Detailhandel, the €12bn pension fund for the Dutch retail sector, has said it will not extend its five-year contract for pensions provision with Syntrus Achmea. 

René Upperman, the scheme’s director, declined to elaborate on the reason why the pension fund planned to sever its ties with the provider but said it would transfer its pensions administration to Aegon subsidiary TKP.

Syntrus Achmea spokesman Erik van der Struijs said: “In recent years, we have focused on change, but during the process we have further drifted apart.

“We have succesfully transferred a large number of clients to our new IT platform, and Detailhandel was also scheduled to move this new ‘target environment’.

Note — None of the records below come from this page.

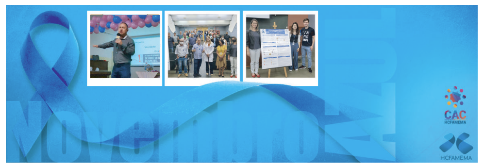 A Campanha Novembro Azul, que chama atenção para a Saúde do Homem, foi lembrada no HCFAMEMA com atividades voltadas aos colaboradores e também à comunidade. O Centro de Apoio ao Colaborador (CAC) fez chamamento de colaboradores do sexo masculino com mais de 40 anos para realização do PSA, exame realizado como Check Up para diagnosticar o câncer de próstata. NOVEMBRO AZUL A Gerência de Educação em Saúde realizou em novembro 10 intervenções com palestras para grupos de colaboradores, associações e clubes de serviço da região. Ao todo a mensagem de conscientização “Saúde do Homem” foi transmitida para mais de 300 pessoas. Entre as instituições visitadas estão o Centro de Ressocialização de Marília, Rotarys Clubes de Marília e Vera Cruz, além de igrejas e PodCast.
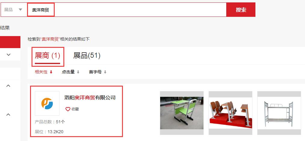 3、選擇展商進(jìn)入洛陽奧洋商貿(mào)有限公司展示頁
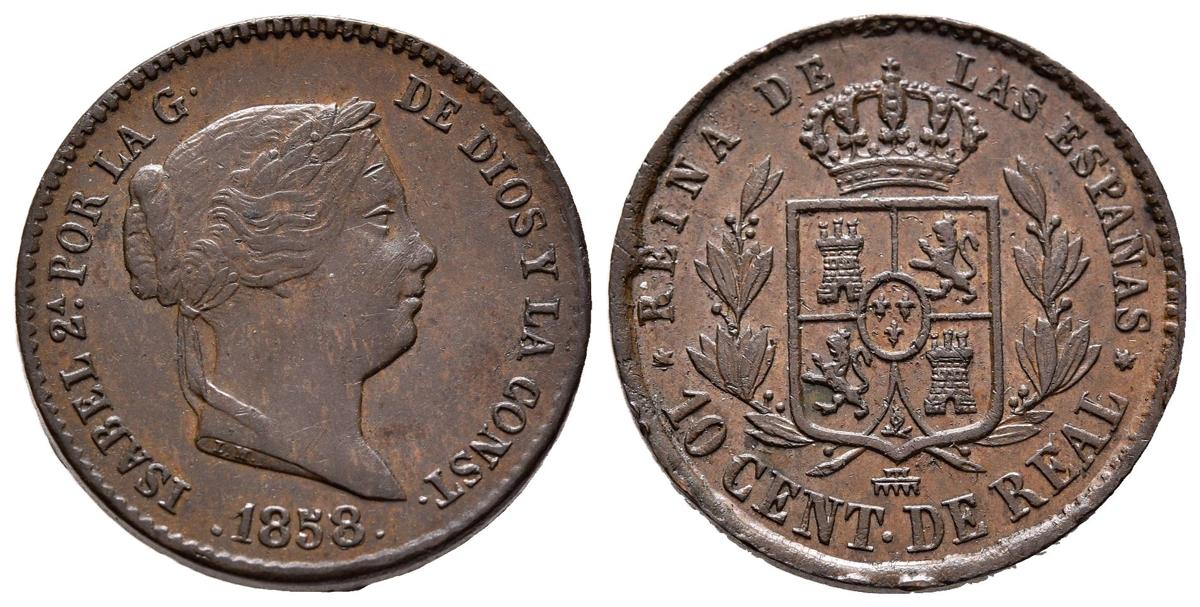 ISABEL II (1833-1868). 10 Céntimos de Real. (Ae. 3,70g/20mm). 1858. Segovia. (Cal-2019-174). MBC+.
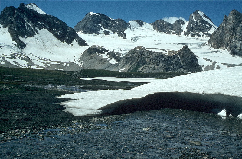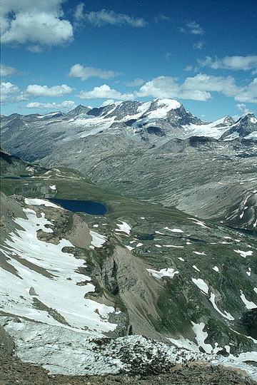 The snow and debris covered slopes in the center of the picture mark the path from the Goletta lake (right outside the picture) to the Bassac Dere pass (2984 m). Behind to the right Grande Traversiere (3596 m).
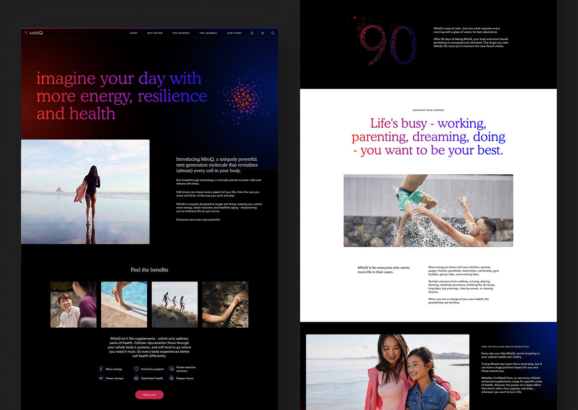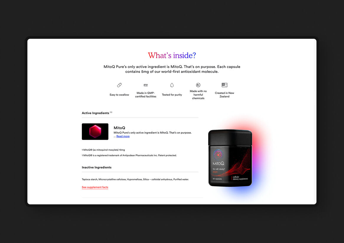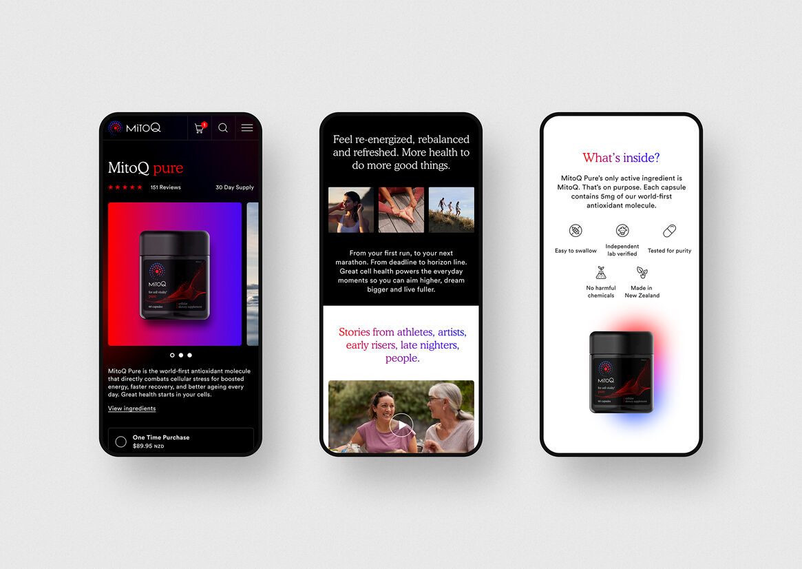 We collaborated closely with MitoQ and their brand agency Born Ugly to reimagine the MitoQ digital experience from the ground up.
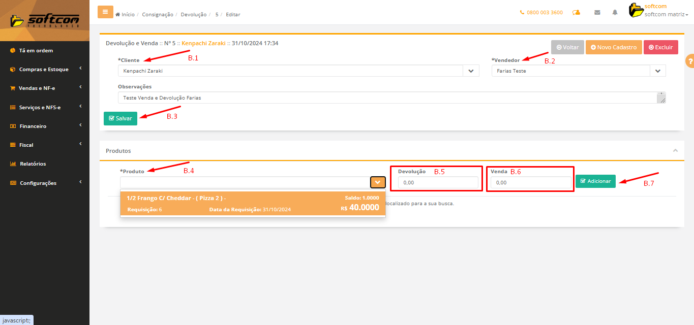 - Após lançar o cliente B .1 ; Vendedor B .2 e "Salvar" B .3 , será possível lançar os produtos B .4 . Basta ir até o campo *Produto, pesquisar um item que (possui saldo de requisição para esse cliente) e escolher a quantidade que será devolvida ao estoque B .5 ou será que transformada em venda B .6 e confirmar no botão Adicionar B .7 ;

“However, the pension fund used the opportunity to change providers.”

The retail scheme, with 245,000 active participants, almost 80,000 pensioners and more than 600,000 deferred members, is one of Syntrus Achmea’s larger clients. 

Syntrus Achmea’s Van der Struijs conceded that the loss of Detailhandel would not be offset by new clients, such as the pension funds of Unisys Netherlands and the new individual DC scheme of Shell Netherlands.

He also confirmed the departure of Detailhandel would lead to the loss of 100 jobs at Syntrus Achmea and a write-off of goodwill.

The retail scheme replaced Syntrus Achmea Asset Management with fiduciary manager BlackRock in 2011.

Parent company Achmea reported a €46m loss during the first six months of 2014, due partly to a €78m goodwill write-off at Syntrus Achmea.

According to Achmea, Syntrus Achmea’s results were “disappointing”, citing falling management fees at its property branch SA Vastgoed, as well as the pending departure of Detailhandel.